If this is indeed the same resource with two different representations, the HTTP invites you to use the Accept-header as you suggest. This is probably a very reliable way to distinguish between the two different scenarios. You can be plenty sure that user agents (including search engine spiders) send the Accept-header properly.
About the machine agents you are going to give XML; are they under your control? In that case you can be doubly sure that Accept will work. If they do not set this header properly, you can give XML as default. User agents DO set the header properly.
I would try to use the Accept heder for this, because this is exactly what the Accept header is there for.

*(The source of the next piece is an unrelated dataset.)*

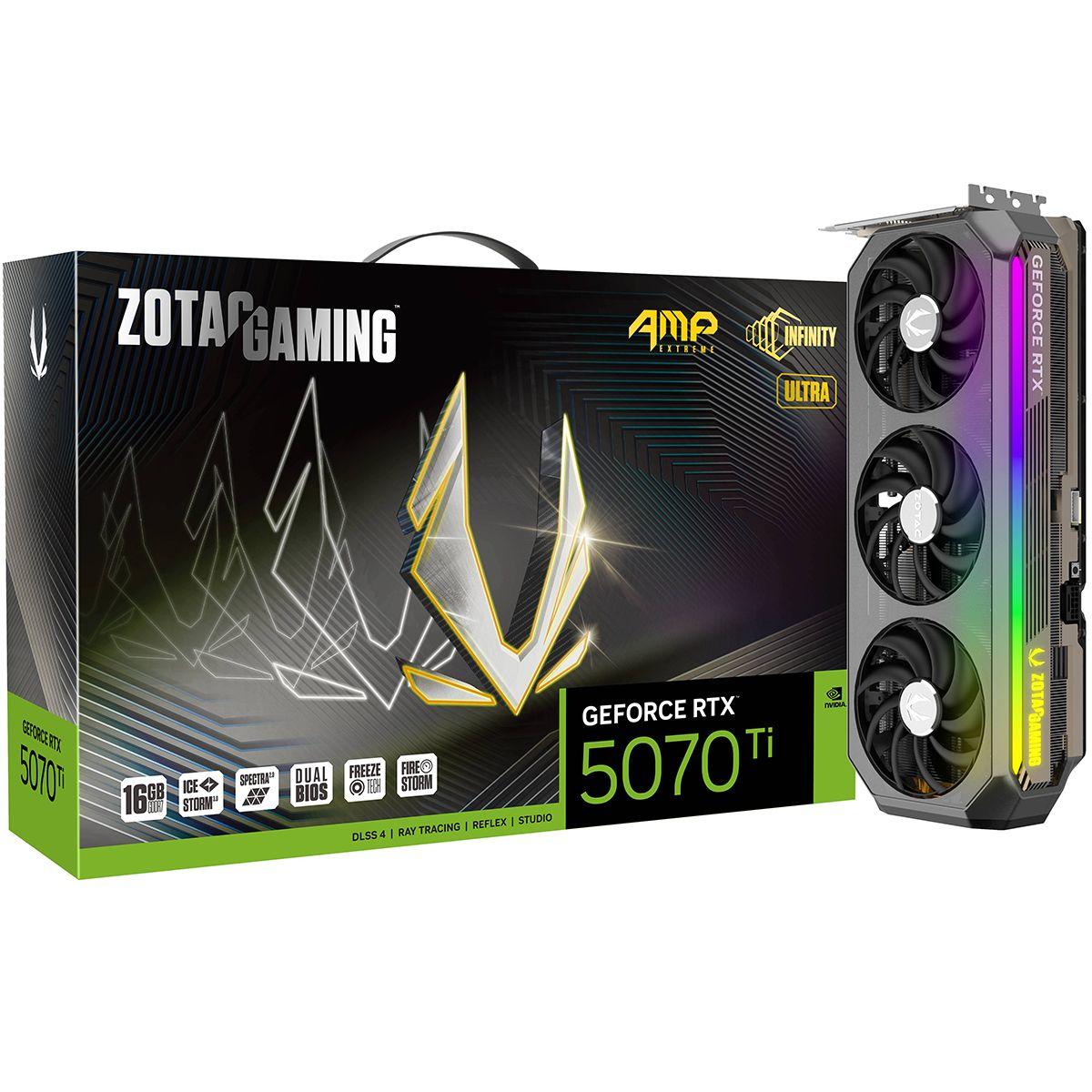 Видеокарта Zotac PCI-E 5.0 RTX 5070TI AMP EXTREME INFINITY ULTRA NVIDIA GeForce RTX 5070TI 16Gb 256bit GDDR7 2572 / 28000 HDMIx1 DPx3 HDCP Ret
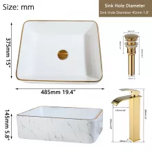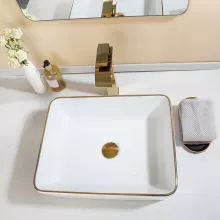- Elegant Gold Edge: The gold edge adds a luxurious feel to the classic white ceramic sink, making it a perfect fit for upscale bathroom decors.

The problem with having two different URLs is that is is not automatically apparent that these two represent the same underlying resource. This can be bad if a user finds an URL in one program, which renders HTML, and pastes it in the other, which needs XML. At this point a smart user could probably change the URL appropriately, but this is just a source of error that you don't need.
I would say adding a Query String parameter is your best bet. The only way to automatically detect whether your client is a browser(human) or application would be to read the User-Agent string from the HTTP Request. But this is easily set by any application to mimic a browser, you're not guaranteed that this is going to work.